Cela s’est construit en modifiant, en travaillant sur la temporalité ?


Oui, c’est très important. Parce que dans Ronald, il y a un temps très théâtral. Je prends des éléments de la performance ou des actions, mais ce qui m’intéresse, c’est de les structurer de façon très particulière. Dans cette pièce, le temps change totalement, parce que le public est constamment obligé de lire, il doit regarder le texte. Pour cela, les actions doivent être étirées dans le temps et contenir beaucoup de nuances sans être trop différentes les unes des autres. J’ai cherché à préserver la tranquillité du public, le temps de la lecture.
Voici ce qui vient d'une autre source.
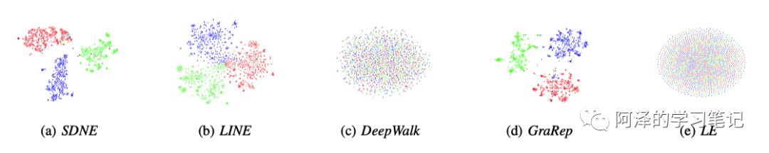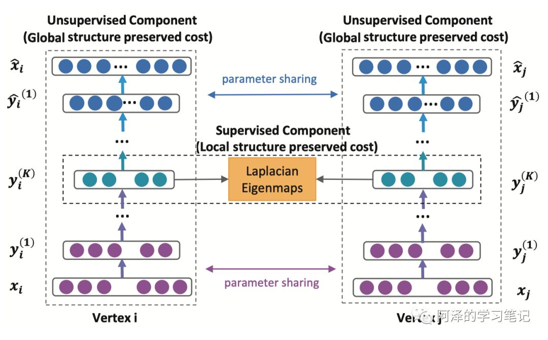 以左边的为例:输入为邻接矩阵,输出为重构后的邻接矩阵,通过优化重构误差来捕捉全局结构特征;而中间一排, 就是我们需要的 Embedding 向量,模型通过拉普拉斯特征特征映射(Laplacian Eigenmaps)优化的代价函数使得相邻节点的 Embedding 向量距离更近,从而捕捉节点的局部特征。
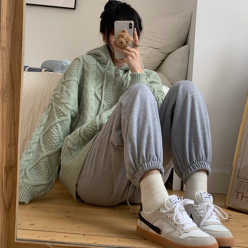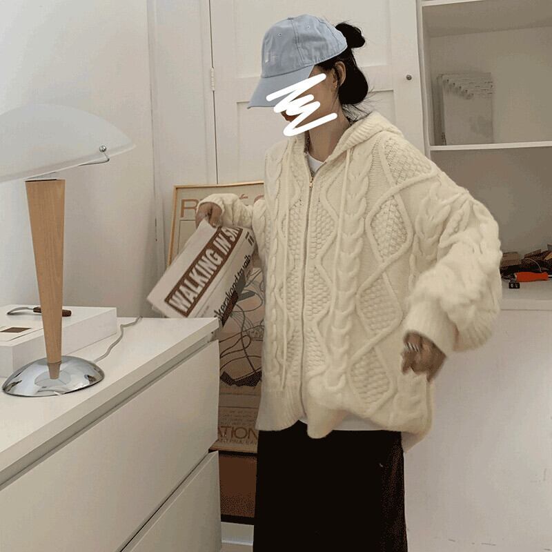 オータムウィンタースタイルジッパーフードセーター レディースルーズニットカーディガンジャケット トップス 秋物 冬物 萌量不足47111447695

Être simultanément obligé de lire et de regarder des scènes mouvementées est un facteur d’anxiété. On ne peut pas tout suivre à la fois. Donc, cette nécessité a été très positive. Elle a conditionné l’espace comme l’écriture du plateau. Cette qualité de temps, son étirement, m’a imposé un autre type de scènes, plus concrètes, avec des actions minimales. C’était très intéressant, cette recherche d’une grande théâtralité apparemment pauvre. Comment créer une empreinte théâtrale particulière avec très peu d’éléments : l’action de lire, le silence, et quelques images scéniques.